Die Zigarette ist das Markenzeichen von Helmut Schmidt. Ob in Fernsehsendungen oder Interviews – überall sah man den ehemaligen Bundeskanzler mit Glimmstängel. Rauchverbote hatten für ihn nie gegolten. "In dieser Republik gibt es an so vielen Plätzen Rauchverbote. Ihr glaubt doch wohl nicht, dass ich mich darum schere", sagte der Ex-Bundeskanzler zum Beispiel im Jahr 2000 bei einer SPD-Fraktionssitzung im Berliner Reichstag. Schmidts Credo: "Für mich gibt es nur noch zwei Stimulantia: die Arbeit und die Zigarette!"
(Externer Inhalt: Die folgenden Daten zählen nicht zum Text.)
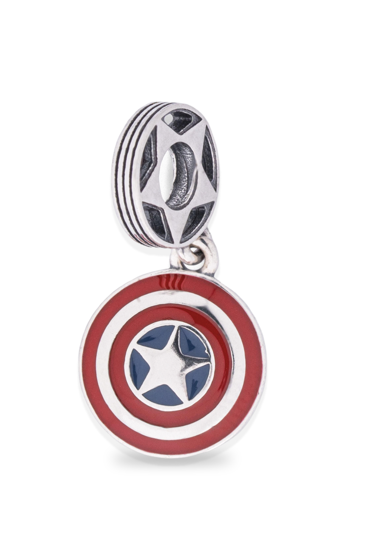 - El escudo del Capitán América brilla con esmalte rojo, blanco y azul.
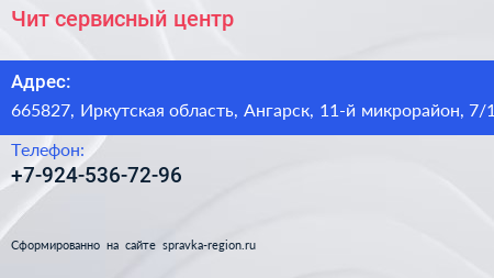 Чит, сервисный центр по адресу 665827, Иркутская область, Ангарск, 11-й микрорайон, 7/1 в дальнейшем Организация, размещена в следующих категориях:

Jetzt aber raucht Schmidt (96) nicht mehr. Fürs Erste ersetzt ein Nikotinpflaster die Zigarette. Seit elf Tagen schon: Seit der Entfernung eines Blutgerinnsels aus dem rechten Bein habe der Altkanzler nicht mehr zur Zigarette gegriffen, sagte der Herzspezialist Karl-Heinz Kucknach, Schmidts Arzt in der Hamburger Asklepios-Klinik. Als Ersatz habe er ein Pflaster bekommen,

Schmidt war am Mittwoch vergangener Woche erfolgreich operiert worden. Am Montag wechselte er von der Intensiv- auf eine Normalstation. Schmidt sei nun langsam aber stetig auf dem Weg der Besserung, berichtete die Klinik am Freitag. Nach dem Kathetereingriff ohne Vollnarkose hatten sich die Ärzte sehr optimistisch über den Zustand ihres Patienten geäußert. Sie hielten eine baldige Entlassung aus der Klinik für möglich. Nach der Öffnung des Gefäßes im Oberschenkel erhält der Altkanzler weiter blutverdünnende Medikamente.